SOUL FOOD IS A LOVE LANGUAGE

SOUL FOOD IS A LOVE LANGUAGE

When I got the call that my friend’s little brother had passed—unexpected, gut-wrenching, no time to prepare—I didn’t know what to say. My words felt too small, too hollow to hold the weight of her pain. And yet, as I sat there, thinking about how I could show up for her, how I could hold her in some way even if I couldn’t fix it—I found myself drifting back.

Back to my grandmother’s kitchen.

She never needed a reason to cook, but when life did hand us a reason—whether it was joy or devastation—she showed up with food. That was her altar. That was her offering. Whether someone was having a baby, or laying a loved one to rest, she would move like spirit had whispered to her what to do. Pots would rattle, cornbread would rise, and greens would simmer so long you could taste the wisdom in each leaf.

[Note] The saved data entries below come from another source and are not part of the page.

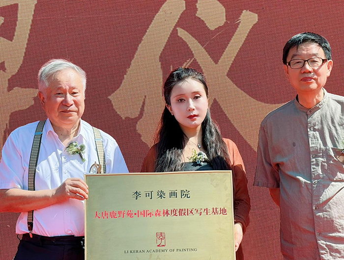 李庚為邢斯恬授牌“李可染畫院大唐鹿野苑·國際森林度假區寫生基地”
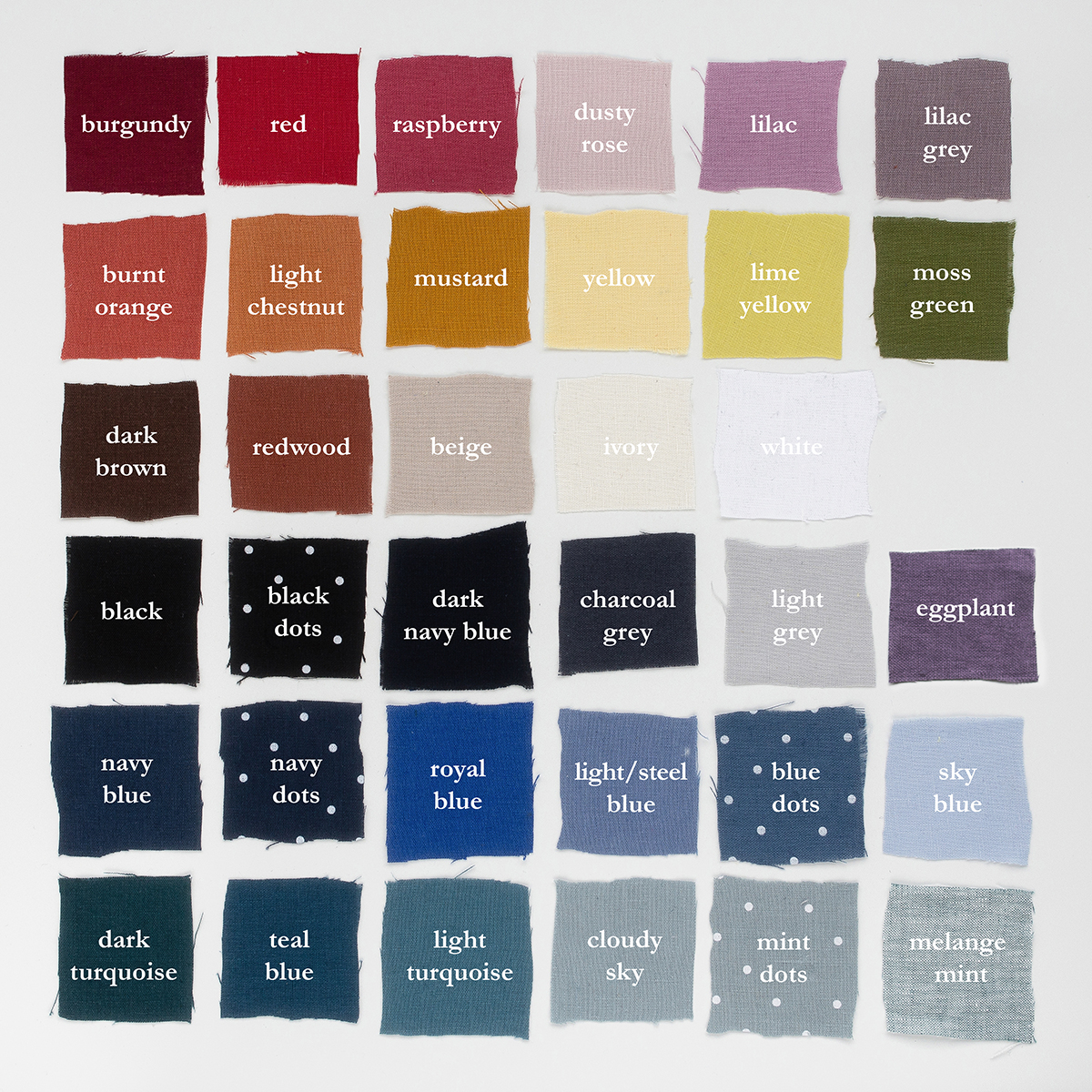 Fabric: 100 % mid-weight pre-washed linen. It’s 100 % Oeko-Tex certified, which means that it meets ecological requirements. It requires very little processing, hypoallergenic, comfortable and suitable for all seasons.
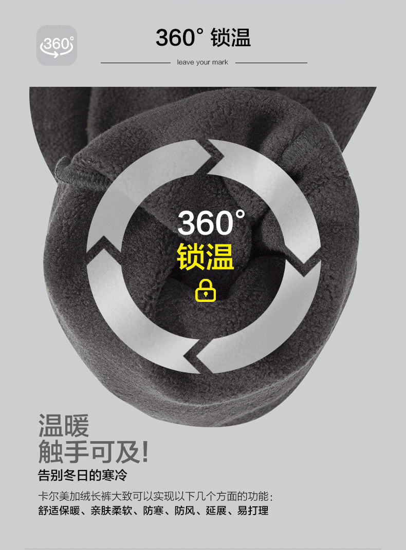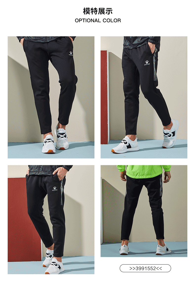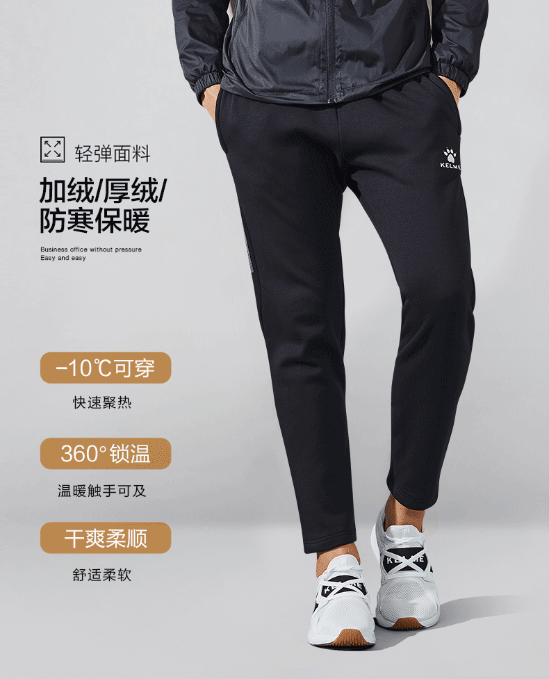 卡尔美男女春秋冬季运动长裤加绒加厚舒适保暖小脚裤
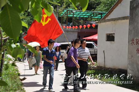 出发前,学院党委办公室主任陈义龙在一号楼前做了动员讲话。他说,best365纪念党的90周年系列活动自开展以来,广大党员干部、入党积极分子和青年团员积极参加党的知识讲座、党的知识竞赛、唱红歌等活动。通过活动,大家对党的基本理论、党的历史、党的光荣传统以及党领导全党全国人民取得的丰功伟绩,有了较深入的了解。今天党委组织这次活动,就是要通过与革命先烈“零”距离接触,让大家进一步深入了解,我们党在艰苦卓绝的环境下领导中国革命斗争的辉煌历程,接受一次革命传统教育,从而更加坚定党的信念,继承和发扬党的优良传统,激发大家的工作和学习热情,珍惜今天的美好生活,为民办教育发展多做贡献,为海棠的发展多做贡献。
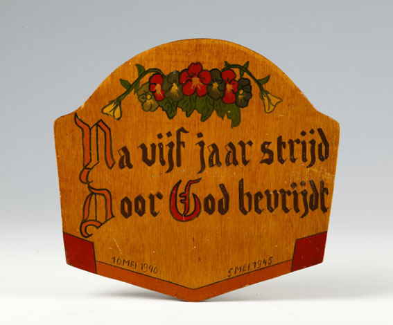 Tekstbord met "Na vijf jaar strijd door God bevrijdt 10 mei 1940 5 mei 1945"

We didn’t just cook. We gathered. Shoulder to shoulder, hips bumping as we reached for seasoning. Everybody with their own task. Chopping, stirring, tasting, laughing through tears. Sometimes no words were spoken, just the rhythm of grief or joy braided into the smell of candied yams or smothered chicken.

We didn’t just feed people—we nourished them. And in doing so, we healed ourselves.

Soul food ain’t just about what's on the plate. It’s about who stirred the pot, what intention was whispered while it simmered, and the ancestral hands guiding us as we recreate the meals they once made in kitchens filled with both struggle and strength.

People try to reduce soul food to fried chicken and collard greens, like it’s just comfort food. But what they don’t understand is—it’s ritual. It’s medicine. It’s a love letter written in gravy and steam, passed down through generations.

So today, as I think about how to show up for my friend in her deepest heartbreak, I know what I’m going to do. I’m going to gather the women. We gon’ tie our scarves, roll up our sleeves, and get to work. Not because food makes pain go away, but because it reminds you that you’re not alone in it. Because grief doesn’t like silence—it likes company.

And when we show up with warm plates and full hearts, what we’re really saying is:

We see you. We honor your pain. And we’re holding you up the way our grandmothers held us.

Because soul food heals. Not just the body—but the parts of the soul that words can’t reach.